Kernel Multigrid: Accelerate Back-fitting via Sparse Gaussian Process Regression
Lu Zou, Liang Ding
TL;DR
The paper addresses the scalability challenge of training Additive Gaussian Processes with Bayesian Back-fitting by proving a fundamental convergence lower bound and introducing Kernel Multigrid (KMG). Leveraging Kernel Packets (KP) for efficient one-dimensional GP computations, it shows Back-fitting requires at least $O(n\log n)$ iterations, then demonstrates how KMG, combining Back-fitting with Sparse GPR on residuals, achieves $O(\log n)$ iterations while keeping per-iteration costs at $O(n\log n)$ time and $O(n)$ space. Theoretical guarantees hinge on a solid approximation property of sparse additive GPR and a smoothing analysis of the Back-fit operator coupled with coarse-grid corrections. Numerical experiments on synthetic and real data corroborate the theory, with KMG markedly accelerating convergence and accurately recovering per-dimension contributions using only a handful of inducing points.

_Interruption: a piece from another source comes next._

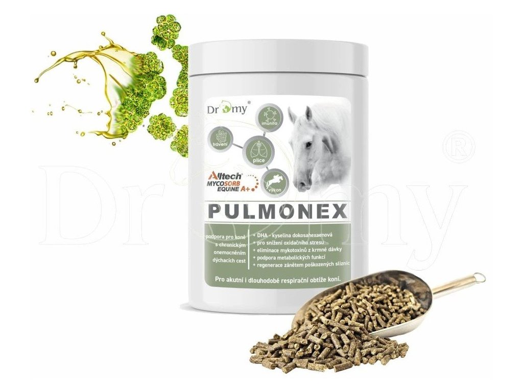 Pulmonex je doplňkové krmivo pro podporu a regeneraci dýchacích funkcí koní,trpících chronickým onemocněním dýchacích cest.U chronického postižení dýchacího aparátu se převážně jedná o alergickou odpověď imunitního systému,který přichází do kontaktu s organickými alergeny, jako jsou spory plísní, prvocia mechanické částice prachu ze sena, slámy a prostředí stáje.Projevuje se častým zhoršeným dýcháním, suchým a neproduktivním kašlem, který v počátku neprovází výtok z nozder.Příčina alergické reakce je dána i aktuálním stavem imunitního systému koně. Pulmonex je doplňkovým krmivem pro podporu a regeneraci dýchacích funkcí.Obsahuje bylinné extrakty, vitaminy a stopové prvky, které se významně podílí na stimulaci imunitního systému,na ředění hlenu v dýchacích cestách. DHA = kyselina dokosahexaenová, u které byl opakovaně prokázán pozitivní vliv dlouhodobého podávání na snížení projevů:koňského astmatu (RAO, rekurentní obstrukce dýchacích cest;IAD, zánětlivé onemocnění dýchacích cest). Alltech Mycosorb A+ k eliminaci mykotoxinů, jedů produkovaných plísněmi,vyskytující se v krmivech.Při průchodu trávicím traktem na sebe navazuje polární tak i nepolární mykotoxinya tím zabraňuje jejich absorpci z trávicího traktu do cévního řečiště. Pukléřka islandská obsahuje polysacharidy a slizovité látky,které chrání zánětem poškozené sliznice.Vitamin C a extrakty zázvoru a zeleného čaje, MSM: antioxidanty a bioflavonoidypodílející se na snížení oxidačního stresu.Eukalyptus globulus bylina podílející se na ředění hlenů v dýchacích cestách a napomáhá vykašlávání. Zázvor lékařský extrakt působí spasmolyticky a protizánětlivě, příznivě ovlivňuje periferní prokrvení.Adhatoda vasica extrakt se podílí na snížení viskozity bronchiálního sekretu a usnadňuje vykašlávání.Ostropestřec Mariánský - Silybum Marianum obsahuje flavonolignany,látky podporující regeneraci poškozených jaterních buněk.Česnek příznivě ovlivňuje střevní mikroflóru, působí detoxikačně, spasmolyticky,působí podpůrně proti infekčním onemocněním.Mateřídouška obecná extrakt vykazuje baktericidní, dezinfekční, expektorační,spazmolytické a protizánětlivé účinky. Upozornění: doplňkové krmivo používejte po odeznění akutních příznaků a projevů dušnosti.Při podávání jakéhokoli krmného doplňku, který má ovlivňovat dýchací funkce,je třeba brát v potaz způsob ustájení, kvalitu krmení a pravidelnou formu tréninku.

The work thus provides a practical pathway to scalable, interpretable, high-dimensional additive GP modeling.
Abstract
Additive Gaussian Processes (GPs) are popular approaches for nonparametric feature selection. The common training method for these models is Bayesian Back-fitting. However, the convergence rate of Back-fitting in training additive GPs is still an open problem. By utilizing a technique called Kernel Packets (KP), we prove that the convergence rate of Back-fitting is no faster than $(1-\mathcal{O}(\frac{1}{n}))^t$, where $n$ and $t$ denote the data size and the iteration number, respectively. Consequently, Back-fitting requires a minimum of $\mathcal{O}(n\log n)$ iterations to achieve convergence. Based on KPs, we further propose an algorithm called Kernel Multigrid (KMG). This algorithm enhances Back-fitting by incorporating a sparse Gaussian Process Regression (GPR) to process the residuals after each Back-fitting iteration. It is applicable to additive GPs with both structured and scattered data. Theoretically, we prove that KMG reduces the required iterations to $\mathcal{O}(\log n)$ while preserving the time and space complexities at $\mathcal{O}(n\log n)$ and $\mathcal{O}(n)$ per iteration, respectively. Numerically, by employing a sparse GPR with merely 10 inducing points, KMG can produce accurate approximations of high-dimensional targets within 5 iterations.